The cost of alcohol, whether you buy by the drink or as part of the ship’s beverage packages, has become one of cruising’s more confusing, and more expensive, extras.
Partly, that’s because your normal routines at home tend to change with the partying lifestyle at sea, supported by an expanding array of well-hyped alcoholic concoctions.
Say once a week at home you go out for an evening of drinks, and maybe another day you sip a glass or two of wine with dinner. Multiply that times seven on a week’s cruise. Add the occasional morning bloody Mary, a beer at lunch, an afternoon piña colada, and you have a pretty good idea of the potential for consumption.
For an estimate of the size of the bill you might face on your last day of vacation, consider the cost of beverage packages (for soft drinks and/or beverages with alcohol) offered by the mainstream cruise lines.
Costing out a beverage package
For packages that include drinks with alcohol, Carnival charges $50 to $70 per person per day plus a 15 percent gratuity, depending on the length of the cruise. Royal Caribbean packages range up to $65 a day, including gratuities. Norwegian’s drink packages range from $44 to $59 a day, plus 15 percent gratuity (save $5 by purchasing the premium package online). No sharing drinks with others. Most ships require all persons 21 and older in the same cabin to buy the same alcohol package.
Are the packages worth the price?
That depends on how much you drink. One website estimated the cost of a drink package as roughly equal to a daily consumption of five martinis and three soft drinks, or eight beers and two soft drinks, or six beers and two glasses of wine.
You can assume the packages are money-makers for the ship, because they don’t sell money-losers. You probably will drink more than you thought you would — after all, no one has to drive anywhere — but you don’t want to be drinking more to get your money’s worth, rising early and partying late on port excursion days just to make your quota.
Norwegian recently added a wrinkle to the mainstream mix. On new bookings through Aug. 29 for 2015 cruises of three to 14 days, Norwegian is testing an all-inclusive package: Most alcoholic drinks, soft drinks, fees at a specialty restaurant each evening, some shore excursions, and Internet access (another hefty fee that may surprise new cruisers), plus 10 percent off the cruise rate. Cost of the package, which Norwegian says is worth as much as $2,400, will be based on the length of the cruise, such as seven nights for $899.

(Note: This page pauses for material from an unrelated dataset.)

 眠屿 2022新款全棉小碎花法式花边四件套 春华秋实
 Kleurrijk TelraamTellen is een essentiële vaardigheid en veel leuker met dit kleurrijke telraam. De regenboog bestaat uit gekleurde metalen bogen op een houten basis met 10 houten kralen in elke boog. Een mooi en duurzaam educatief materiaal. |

Different cruise lines, different inclusions
Keep in mind also that the cost of beverages will vary, depending on the level of cruise ship that you booked, from mainstream to premium to luxury.
Mainstream cruise lines — such as Carnival, Royal Caribbean and Norwegian — compete for bookings with basic budget prices; they count on big bar bills to pad onboard revenue, which is a key to profitability. The trend is clear, as each new cruise ship debuts with added opportunities for passengers to spend more money onboard. Premium lines — such as Holland America, Celebrity and Princess — also rely on bar bills for extra revenue.
Luxury ships, with rates as high as $1,000 a day, tend to build the cost of alcoholic beverages into the cruise rate, so their passengers may have no bar bill at all, unless they want to imbibe something special.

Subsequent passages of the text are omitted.